De Morgan storage facility at Dahshur, site of a Metropolitan Museum expedition
Photo from Blue Shield’s report on Egyptian archaeological sites
A joint statement on the “alarming picture on the state of antiquities and cultural sites” in Egypt was issued yesterday by the Association of Art Museum Directors and the Archaeological Institute of America. But it misses two crucially important points.
AAMD and AiA have “call[ed] on Egyptian authorities, even in these unsettled times, to do what they can [emphasis added] to protect the country’s irreplaceable archaeological and cultural materials.”
But “what they can” has clearly proven insufficient. Urgently needed is outside help in securing the archaeological sites (not just in providing “professional support to…identify and reclaim missing objects,” as the two organizations have offered).

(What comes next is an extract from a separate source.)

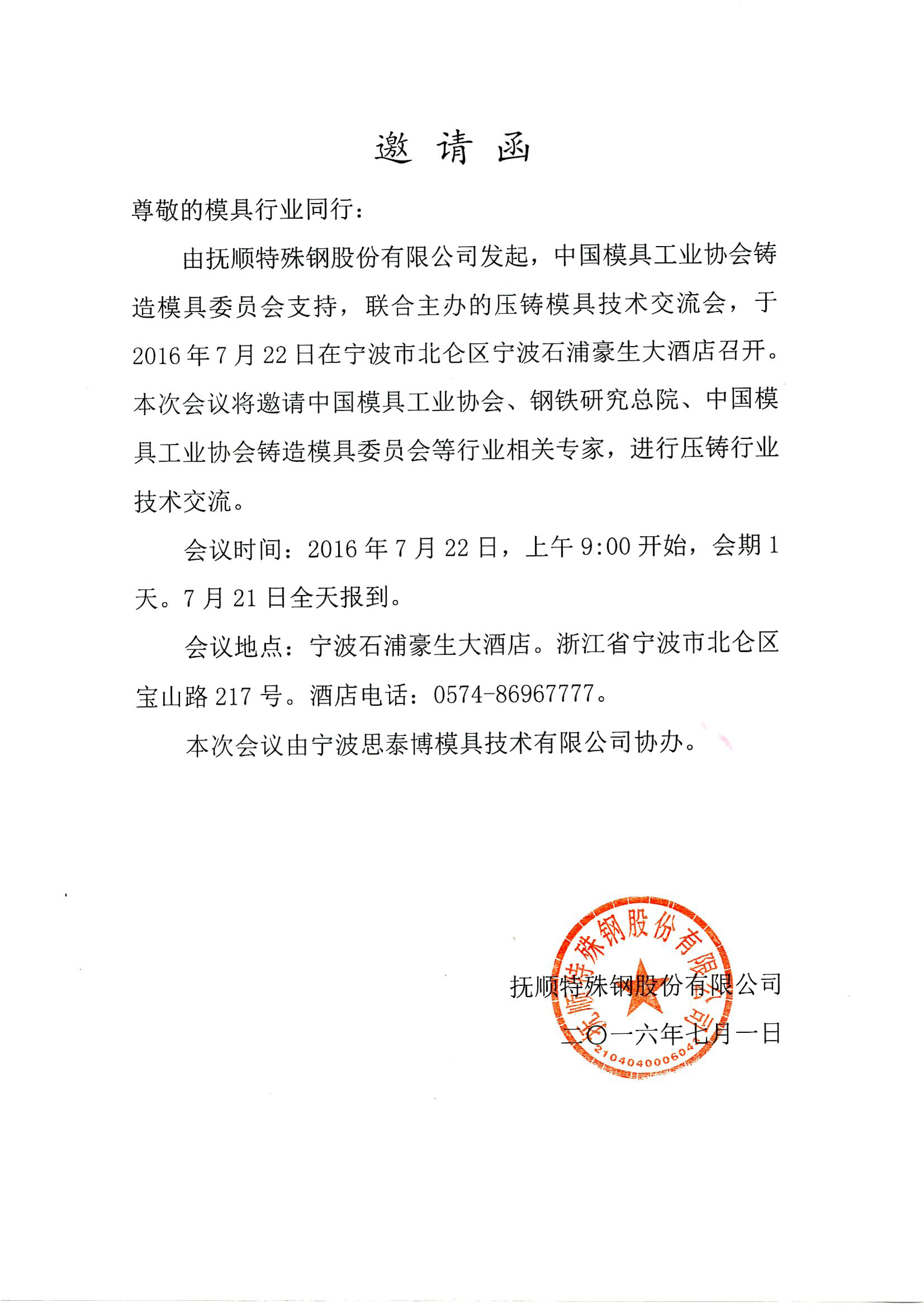 压铸模具技术交流会邀请函

I had asked the Metropolitan Museum, whose director Tom Campbell issued a statement on Egypt on Thursday, whether it knew of any specific action being undertaken by the international community to organize protection for these sites. The answer was: “Not yet.” As for the security of the Middle Kingdom Pyramid sites at Dahshur and Lisht that Met archaeologists have been working on, the museum’s spokesperson, Elyse Topalian, told me: “We are in constant contact with the local antiquity inspectors, who are doing a heroic job in safeguarding and reporting back.”

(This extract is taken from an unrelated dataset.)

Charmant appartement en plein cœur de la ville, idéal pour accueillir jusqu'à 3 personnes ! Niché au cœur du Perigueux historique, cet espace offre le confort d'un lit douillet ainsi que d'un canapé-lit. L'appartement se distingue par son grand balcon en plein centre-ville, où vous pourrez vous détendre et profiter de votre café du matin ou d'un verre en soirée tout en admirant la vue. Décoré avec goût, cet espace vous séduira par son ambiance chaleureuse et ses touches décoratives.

The joint statement of AAMD and AiA urges the international museum and archaeological communities “to alert the appropriate international authorities and customs officials if they believe they have information regarding objects recently stolen from Egypt.”
Good plan. But before this can happen, Egypt needs to compile and widely disseminate as thorough an accounting as possible of exactly what is known to be missing. Public disclosure has thus far been fragmentary, incomplete and lacking photographic documentation.
In this regard, Kate Phizackerley in her News from the Valley of the Kings blog writes:
We still do not have photographs of the items which the [Egyptian] museum has confirmed stolen. That is critical in stopping the thieves escaping the country and they should have been published immediately. For me, not publishing photos of these items and the false doors reported stolen from Saqqara is far more reprehensible than the lapses of security in the first place.
Phizackerley also observes:
Egyptologists are likely to find it hard to believe that Tutankhamun statues were not immediately spotted as missing when there was a broken base on the floor, and question Hawass’ initial assertions that nothing was stolen [from the Egyptian Museum]. The same applies to the other premier items whose cabinets were smashed: curators tend to know their collections intimately and I think most curators would spot that a star item was missing pretty quickly.